■ AIM OF THE EXERCISE
Copy word for word the lines in the records below, starting at the line with "僅かに残る石段 | この急勾配を写真で表せないのが残念" and ending at the line with "ゲーセン毎日行ってる(帰りに". Skip the pictures.

■ DATA FOR REVIEW
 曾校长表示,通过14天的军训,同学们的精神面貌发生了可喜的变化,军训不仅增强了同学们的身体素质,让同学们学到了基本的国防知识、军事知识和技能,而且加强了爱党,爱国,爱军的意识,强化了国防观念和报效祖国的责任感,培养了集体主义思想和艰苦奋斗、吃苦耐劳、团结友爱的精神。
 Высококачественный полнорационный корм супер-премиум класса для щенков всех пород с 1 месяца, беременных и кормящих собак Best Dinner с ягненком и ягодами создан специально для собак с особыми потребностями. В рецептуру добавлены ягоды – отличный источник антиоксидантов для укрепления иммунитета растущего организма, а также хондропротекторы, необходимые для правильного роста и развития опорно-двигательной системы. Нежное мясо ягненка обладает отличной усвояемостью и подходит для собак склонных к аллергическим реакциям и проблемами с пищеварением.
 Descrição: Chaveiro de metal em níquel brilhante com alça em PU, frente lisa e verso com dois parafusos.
...
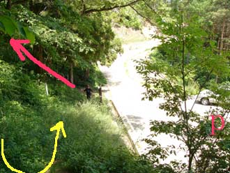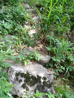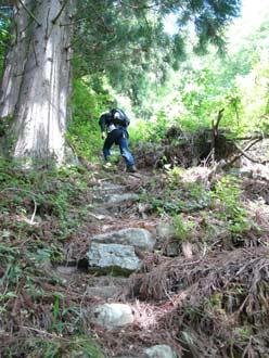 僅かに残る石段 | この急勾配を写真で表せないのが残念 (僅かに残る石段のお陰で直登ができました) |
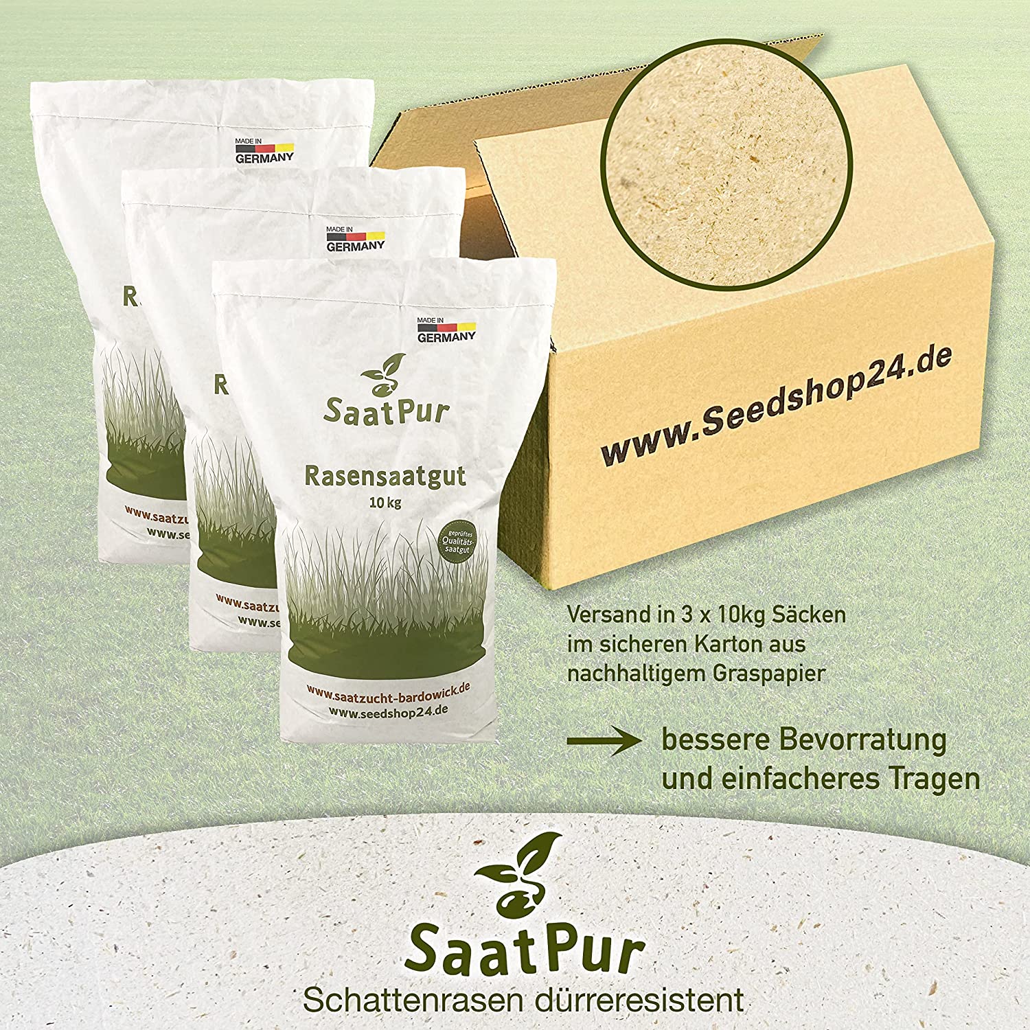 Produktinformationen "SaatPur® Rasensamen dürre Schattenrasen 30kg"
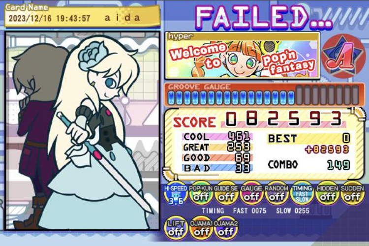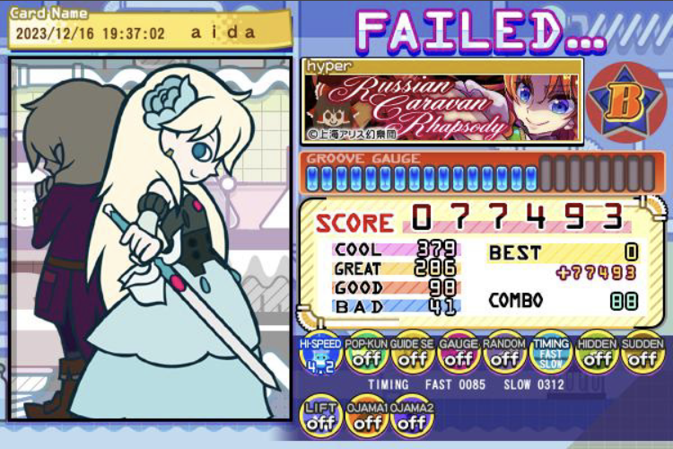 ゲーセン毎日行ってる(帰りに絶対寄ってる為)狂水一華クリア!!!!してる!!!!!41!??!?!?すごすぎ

■ ANSWER TO THIS EXERCISE
 僅かに残る石段 | この急勾配を写真で表せないのが残念 (僅かに残る石段のお陰で直登ができました) |
 Produktinformationen "SaatPur® Rasensamen dürre Schattenrasen 30kg"
 ゲーセン毎日行ってる(帰りに絶対寄ってる為)狂水一華クリア!!!!してる!!!!!41!??!?!?すごすぎ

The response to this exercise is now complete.